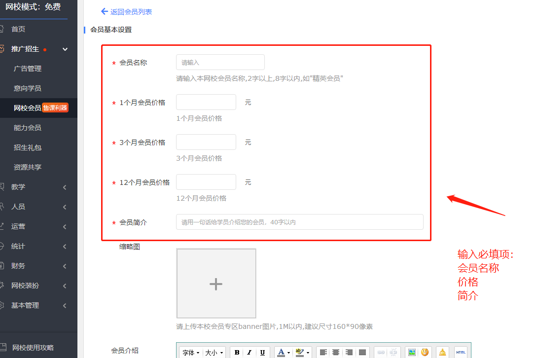 ①通過“網校會員設置”設置會員名稱與價格。
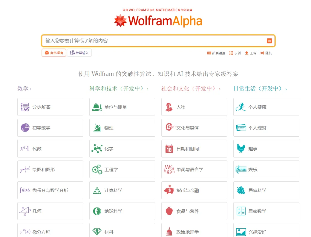 Wolfram Alpha:智能学术搜索引擎,区别于传统搜索引擎的“返回链接”模式,可直接生成问题答案与分析报告。例如输入数学公式可直接获得推导过程,查询科研数据可生成可视化图表,适合快速解决学术疑难问题。
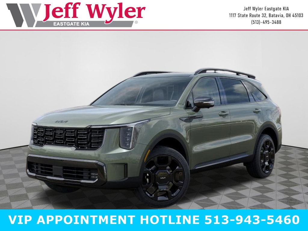Priced below KBB Fair Purchase Price! Jungle Green 2026 Kia Sorento X-Line SX Prestige 2.5L I4 DGI Turbocharged DOHC 16V LEV3-SULEV30 281hp AWD 8 Speed Dual Clutch 20/27 City/Highway MPG Jeff Wyler Eastgate Auto Mall is pleased to offer this beautiful 2026 Kia Sorento X-Line SX Prestige in Jungle Green. Well equipped with: Olive Brown Leather Package, 12 Speakers, 3rd row seats: split-bench, 4-Wheel Disc Brakes, ABS brakes, Air Conditioning, All Weather Floor Mats, Alloy wheels, AM/FM radio: SiriusXM, Apple CarPlay & Android Auto, Auto High-beam Headlights, Auto-dimming Rear-View mirror, Automatic temperature control, Brake assist, Bumpers: body-color, Cargo Cover, Delay-off headlights, Driver door bin, Driver vanity mirror, Dual front impact airbags, Dual front side impact airbags, Electronic Stability Control, Emergency communication system: 911 Connect, Exterior Parking Camera Rear, Four wheel independent suspension, Front anti-roll bar, Front Bucket Seats, Front Center Armrest, Front dual zone A/C, Front fog lights, Front reading lights, Fully automatic headlights, Garage door transmitter: HomeLink, Heated and Ventilated Front Bucket Seats, Heated door mirrors, Heated front seats, Heated rear seats, Heated steering wheel, Illuminated entry, Knee airbag, Leather Shift Knob, Leather steering wheel, Low tire pressure warning, Memory seat, Navigation System, Occupant sensing airbag, Outside temperature display, Overhead airbag, Overhead console, Panic alarm, Passenger door bin, Passenger vanity mirror, Perforated Genuine Leather Seat Trim, Power door mirrors, Power driver seat, Power Liftgate, Power moonroof, Power passenger seat, Power steering, Power windows, Radio data system, Radio: AM/FM Bose Premium Audio System, Rain sensing wipers, Rear anti-roll bar, Rear reading lights, Rear side impact airbag, Rear window defroster, Rear window wiper, Remote keyless entry, Security system, Speed control, Speed-sensing steering, Split folding rear seat, Spoiler, Steering wheel mounted audio controls, Tachometer, Telescoping steering wheel, Tilt steering wheel, Traction control, Trip computer, Turn signal indicator mirrors, Variably intermittent wipers, Ventilated front seats, Wheels: 20" Gloss Black x-Line Alloy, and X-Line Mudguards. 20/27 City/Highway MPG Price includes: $2000 - Kia Customer Cash. Exp. 03/02/2026

────────────────────────────────────────

## DESCRIPTION OF THE TASK
Only the lines from the start of the material through the line containing "Wolfram Alpha:智能学术搜索" should be transcribed. Pictures stay out.

## TASK RESPONSE
 ①通過“網校會員設置”設置會員名稱與價格。
 Wolfram Alpha:智能学术搜索引擎,区别于传统搜索引擎的“返回链接”模式,可直接生成问题答案与分析报告。例如输入数学公式可直接获得推导过程,查询科研数据可生成可视化图表,适合快速解决学术疑难问题。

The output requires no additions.